The first time a biochemical reaction could be observed at a single-molecule level using an ion channel as the sensing device was the early 1990s, by Alan Finckelstein and coworkers4. Their initial aim was to probe the structure of the diphtheria toxin ion channel by introducing a single cysteine residue at a site thought to be in the mouth of the channel. After allowing this mutant to form channels in a planar lipid bilayer, a sulfhydryl-reactive probe was added to one of the compartments to add a positive or negative charge, depending on the probe used, to the cysteine residue. Not surprisingly, it was found that such covalent modification altered the electric current flowing through a single open ion channel. More surprisingly, at least at that time, it was noted that rate constants for this reaction could be obtained from the lag time between the appearance of an open ion channel and its chemical transformation. And it was realized that these kinetic measurements are sensitive (nanomolar concentrations), fast (up to microsecond resolution), and without delays from mixing and diffusion. The evident and appealing implications for fast enzyme kinetics at the single-molecule level were, however, never pursued.
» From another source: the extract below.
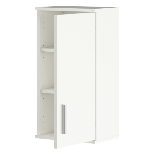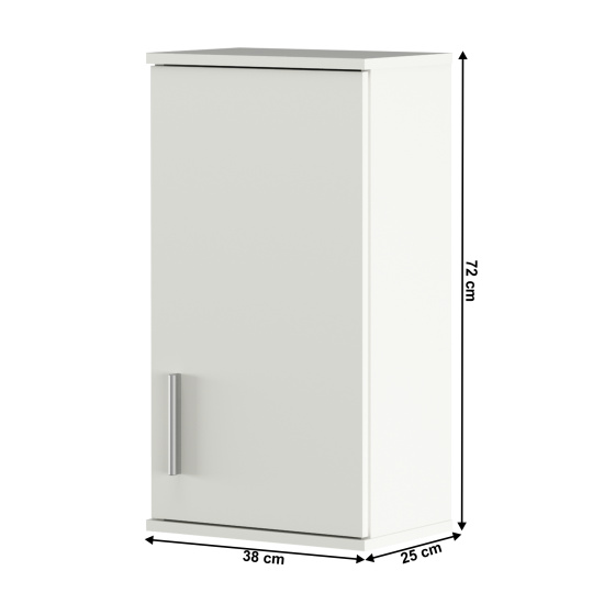 Materiál: DTD laminovaná Barva: matná bílá Rozměry (ŠxHxV): 38x25x72 cm Tloušťka materiálu: 1,6 cm Plastové úchytky Barva úchytek: šedá 1-dveřová 2 police Univerzální Moderní design Kvalitní slovenský výrobek Dodáváno v demontu

This may be the right time to reconsider Finckelstein's observations. Bayley's protein sensor could well be the key for the transition from sensing single molecular recognition events to sensing single chemical transformations. As long as sensing was limited to the interior of ion channels, there were convincing arguments why stochastic single-enzyme kinetics would be untenable, because engineering large catalytic units into the ion-conducting β-barrel of αHL still seems unrealistic despite progress with catalytic barrels in water5. Even if such a catalytic ion channel could be constructed, would it be more than an isolated (though admittedly intriguing) curiosity, without significance for real-world enzymology?

With Bayley's protein sensor, things have changed. There is no fundamental technical problem that would prevent replacement of the tethered ligand in Figure 1 with a substrate of free choice, and there is obviously no problem in replacing the binding protein in Figure 1 with any enzyme. Although significant progress is being made toward DNA sequencing within ion channels6, it is likely that the next breakthrough in this field will however concern stochastic single-enzyme kinetics, a development that biologists, biochemists, and chemists can await with anticipation.